EU: hegemón en declive
De acuerdo con el doctor en relaciones internacionales, alrededor del 65 por ciento de la población estadunidense se ha posicionado en contra de la guerra contra Irán. Por tanto, “votarían en contra del Partido Republicano en noviembre”, en las elecciones intermedias de Estados Unidos, “cosa que significaría una derrota política del presidente [Trump] de manera muy importante”.
No solo desaprueban la guerra, también la política exterior respecto a los aranceles y otros factores inflacionarios.
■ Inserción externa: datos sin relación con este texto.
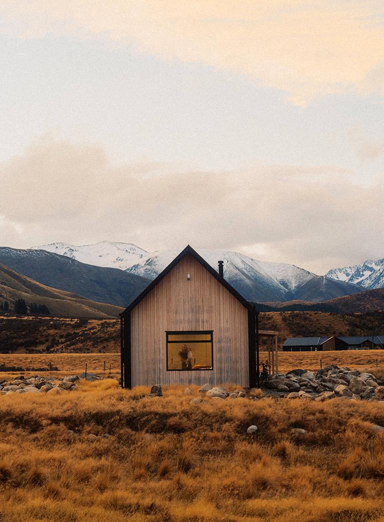 Skylark Cabin is a luxurious, private retreat set in the spectacular Mackenzie Region. Surrounded by majestic mountains and vast skies, this architecturallydesigned cabin o ers stunning views, a soothing outdoor hot tub, and elegant simplicity. Perfect for two, it’s a place to unwind, reconnect, and experience nature’s beauty in comfort, far from the pace of everyday life.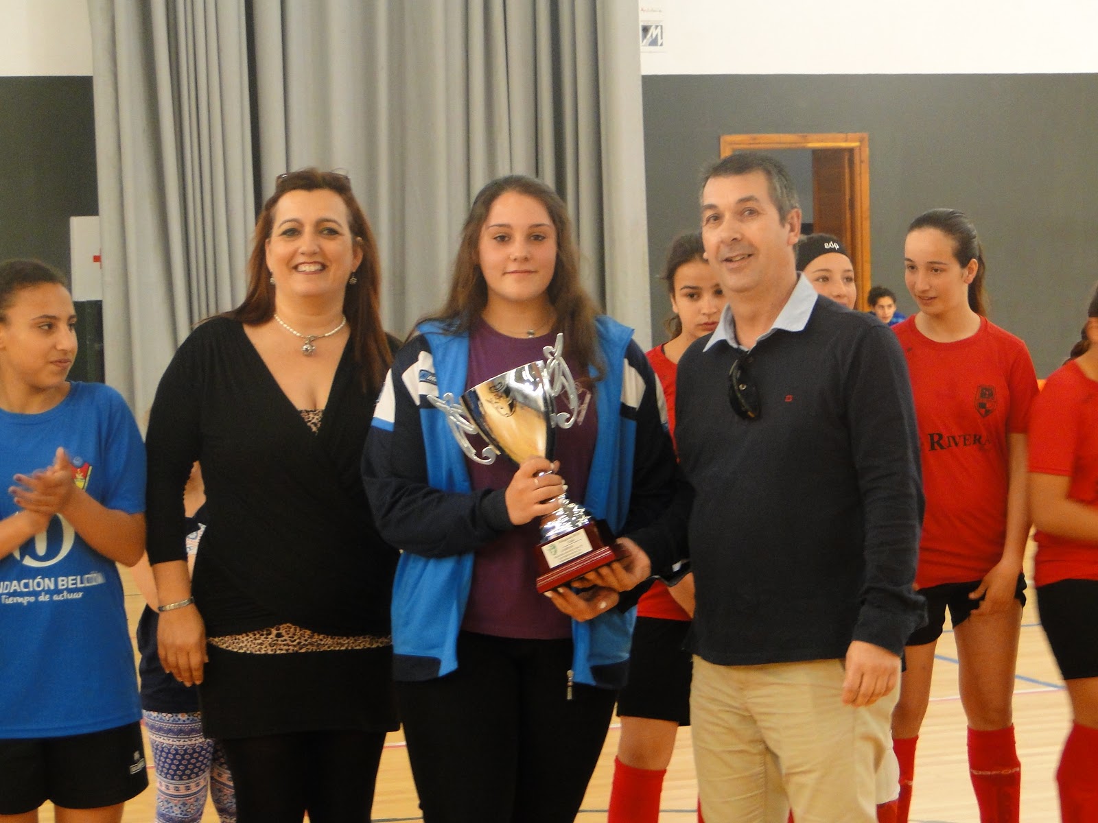 El Presidente de la Federación Gaditana de Fútbol Sala, D. Juan Molins Romero, entregaba la copa de Campeonas Provinciales de la Temporada pasada a las chicas del LUCI.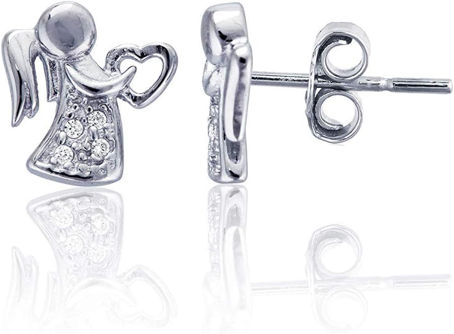 Sterling Silver Pave Hypoallergenic Angel Stud Earrings for Women

Ello puede ocasionar “un divorcio importante” entre la sociedad, que le impediría a Trump continuar con esta guerra a largo plazo.
Esta manera de actuar corresponde a un “hegemón depredador que busca pleito en todos lados”, según define el académico; no obstante, está en declive, y busca disimular su estatus a través de la “agresión directa”: la apuesta al “juego suma cero, que significa ganar todo a costa del otro y no permitir que el otro gane absolutamente ningún tipo de terreno que le permita poder discutir en los mismos términos”.
En el aspecto geopolítico, esta guerra también significa una derrota por parte del trumpismo frente a otras potencias mundiales, como China y Rusia, “por la debilidad intrínseca que supone el desgaste estadunidense”.

Irán no aceptará cualquier cese al fuego
Lo anterior ejerce una presión muy fuerte sobre Estados Unidos y Donald Trump, no así sobre Israel. En su urgencia por terminar la guerra que ha subido los precios del petróleo y desestabilizado la región, el presidente estadunidense envió una propuesta de 15 puntos para frenar las hostilidades. Además, detuvo hasta el 6 de abril los bombardeos de su país contra la infraestructura petrolera iraní.
Entre las propuestas estadunidenses destacan un alto al fuego definitivo, negociaciones presenciales, desmantelamiento de las instalaciones nucleares iraníes, compromiso de Irán para no desarrollar armas nucleares, entregar su reserva de uranio enriquecido al OIEA, limitar sus misiles, restringir su armamento a grupos aliados (Hezbolá, Hutíes, entre otros), reabrir el tránsito por el Estrecho de Ormuz, levantar las sanciones, y apoyar en el programa nuclear pacífico.
El republicano también ha mencionado los acercamientos entre ambas naciones, pero ha sido negado por las autoridades iraníes. Por ello, el doctor Peyman analiza que, en la circunstancia actual de la economía, el alto al fuego llegará “cuando los iraníes sientan que Estados Unidos ha experimentado suficiente presión a nivel mundial como para aceptar las condiciones de Irán”.
Irán ha hecho público las exigencias que tiene para llegar a un acuerdo, entre ellas: el reconocimiento del derecho estratégico y de defensa de Irán, garantías para no volver a ser atacado por Estados Unidos e Israel, reparación de los daños causados por los ataques, levantamiento total de las sanciones económicas, cerrar bases militares en la región, creación de un mecanismo legal que formalice el control iraní en el Estrecho de Ormuz; más la aclaración de no negociar su programa de misiles ni el apoyo a sus aliados en la región.
El doctor Peyman reconoce la apertura de Irán por aceptar las condiciones nucleares pacíficas; pero también subraya la desconfianza de los iraníes sobre Estados Unidos.
Por su parte, el doctor Valdés-Ugalde considera que los líderes en Irán “ya no le toman la llamada” a los negociadores estadunidenses –Steve Witkoff y Jared Kushner–, quienes estaban en la mesa con Irán cuando Estados Unidos bombardeó el país asiático. “Vamos a ver hasta dónde llega y hasta dónde Estados Unidos e Irán tienen la capacidad de poder negociar con la sombra de Israel encima”.